» **Assigned task**
For the data below, give again exactly the lines from the one containing "Red Ragtop |" through the one containing "在一楼大厅中央展出的是邓国源", both ends included, and no others.

» **Provided records**
==================================================
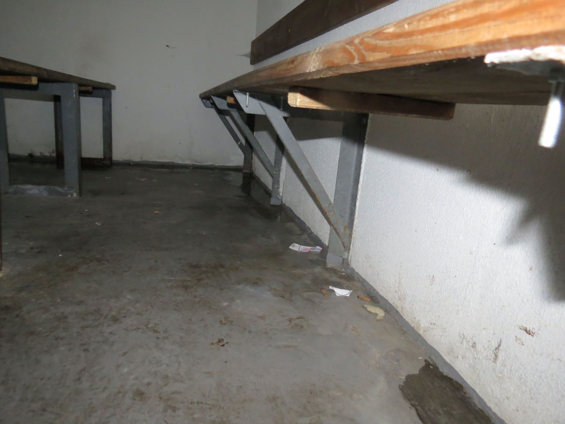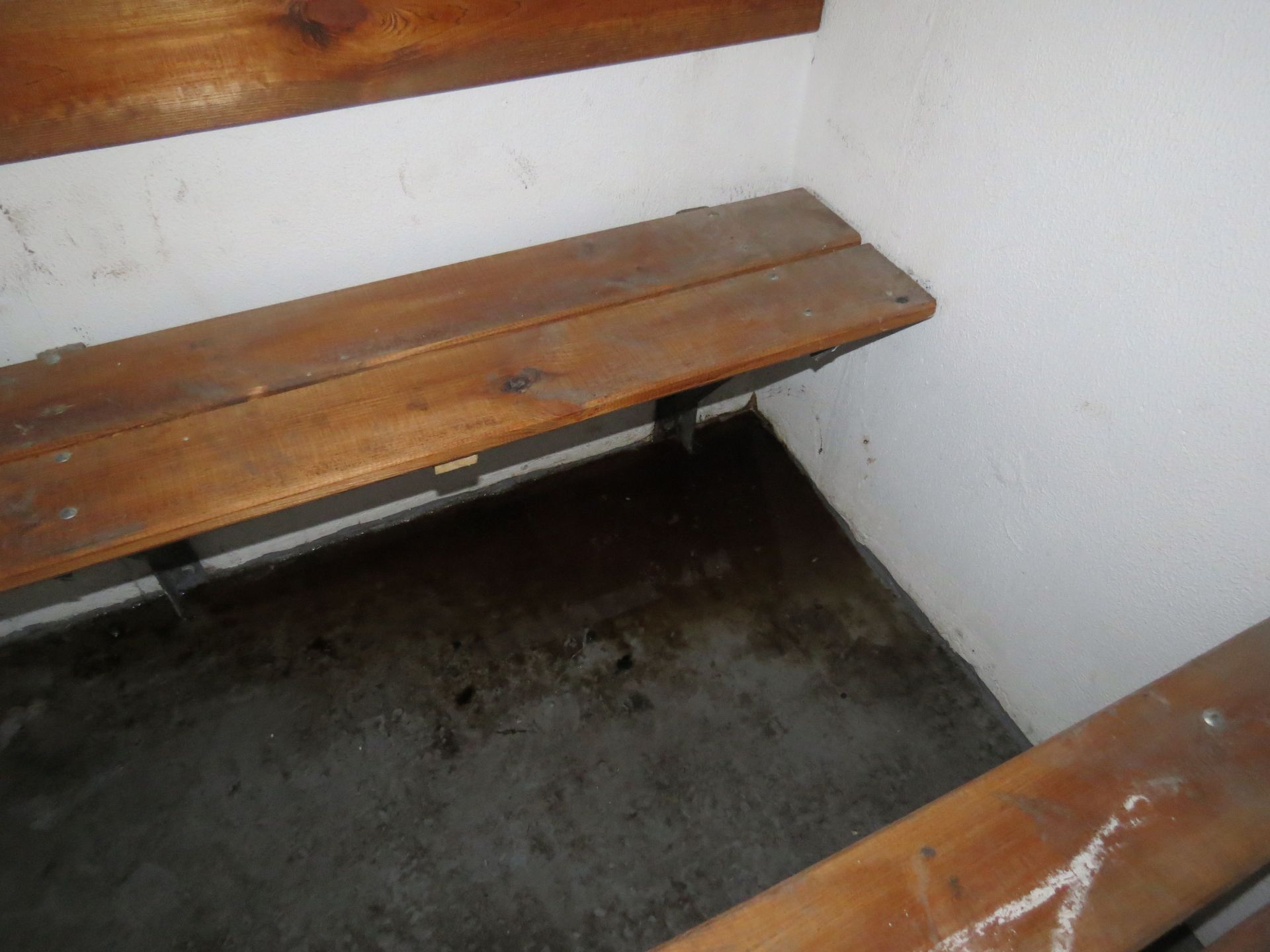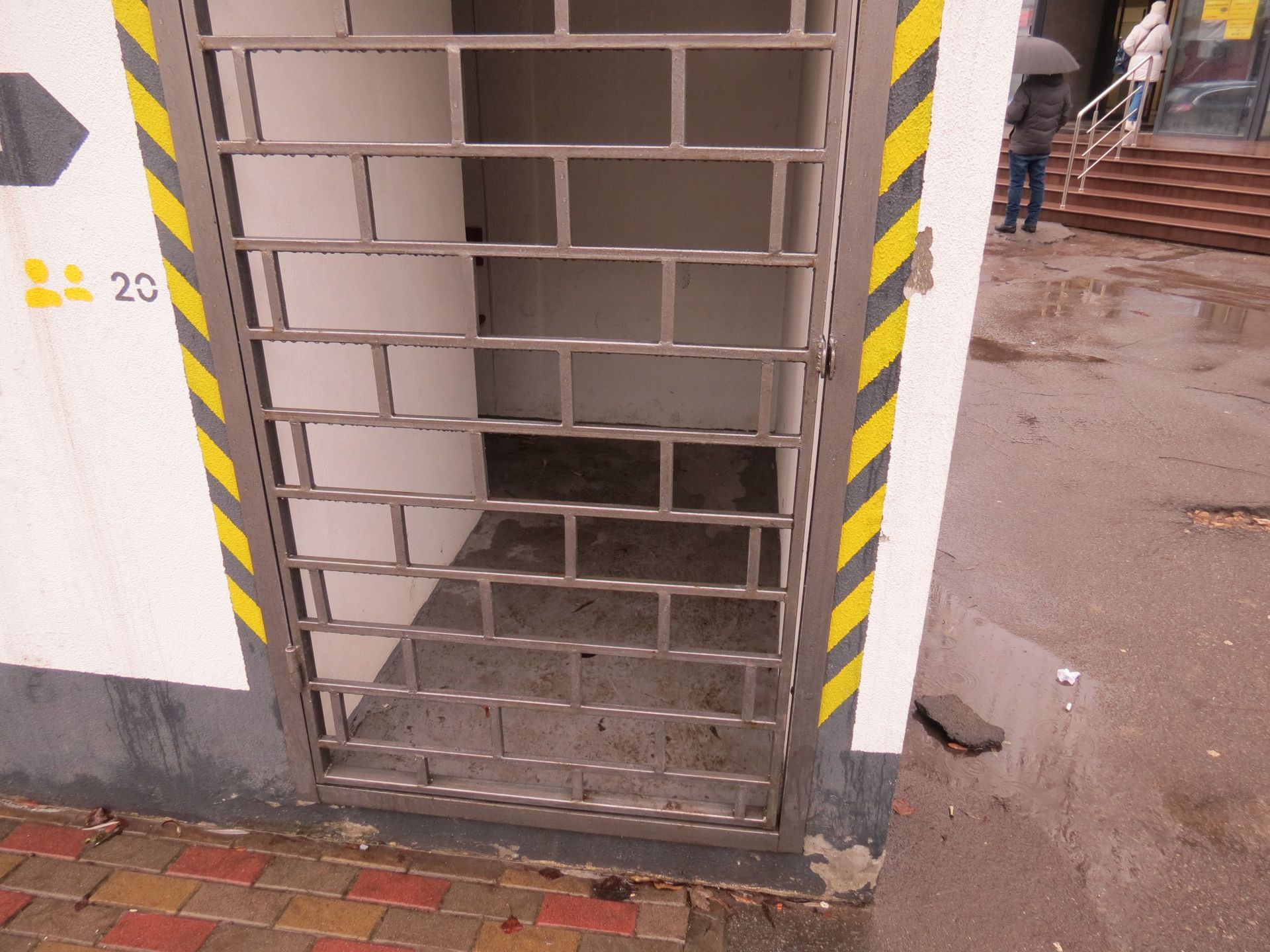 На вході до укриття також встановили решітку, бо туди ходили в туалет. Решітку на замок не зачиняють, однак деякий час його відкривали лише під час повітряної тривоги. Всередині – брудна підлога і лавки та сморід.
==================================================
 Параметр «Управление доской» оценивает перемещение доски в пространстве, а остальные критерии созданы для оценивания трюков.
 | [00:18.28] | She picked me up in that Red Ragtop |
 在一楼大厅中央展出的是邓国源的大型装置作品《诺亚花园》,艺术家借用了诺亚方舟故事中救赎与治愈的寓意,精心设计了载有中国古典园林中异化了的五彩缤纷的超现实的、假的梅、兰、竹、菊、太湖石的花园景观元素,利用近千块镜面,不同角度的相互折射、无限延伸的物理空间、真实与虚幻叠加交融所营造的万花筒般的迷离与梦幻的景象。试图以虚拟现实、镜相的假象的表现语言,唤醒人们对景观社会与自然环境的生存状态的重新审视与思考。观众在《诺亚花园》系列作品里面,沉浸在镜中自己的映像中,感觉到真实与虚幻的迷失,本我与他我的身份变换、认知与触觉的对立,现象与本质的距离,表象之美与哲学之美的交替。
==================================================
» **Solution to the exercise**
 | [00:18.28] | She picked me up in that Red Ragtop |
 在一楼大厅中央展出的是邓国源的大型装置作品《诺亚花园》,艺术家借用了诺亚方舟故事中救赎与治愈的寓意,精心设计了载有中国古典园林中异化了的五彩缤纷的超现实的、假的梅、兰、竹、菊、太湖石的花园景观元素,利用近千块镜面,不同角度的相互折射、无限延伸的物理空间、真实与虚幻叠加交融所营造的万花筒般的迷离与梦幻的景象。试图以虚拟现实、镜相的假象的表现语言,唤醒人们对景观社会与自然环境的生存状态的重新审视与思考。观众在《诺亚花园》系列作品里面,沉浸在镜中自己的映像中,感觉到真实与虚幻的迷失,本我与他我的身份变换、认知与触觉的对立,现象与本质的距离,表象之美与哲学之美的交替。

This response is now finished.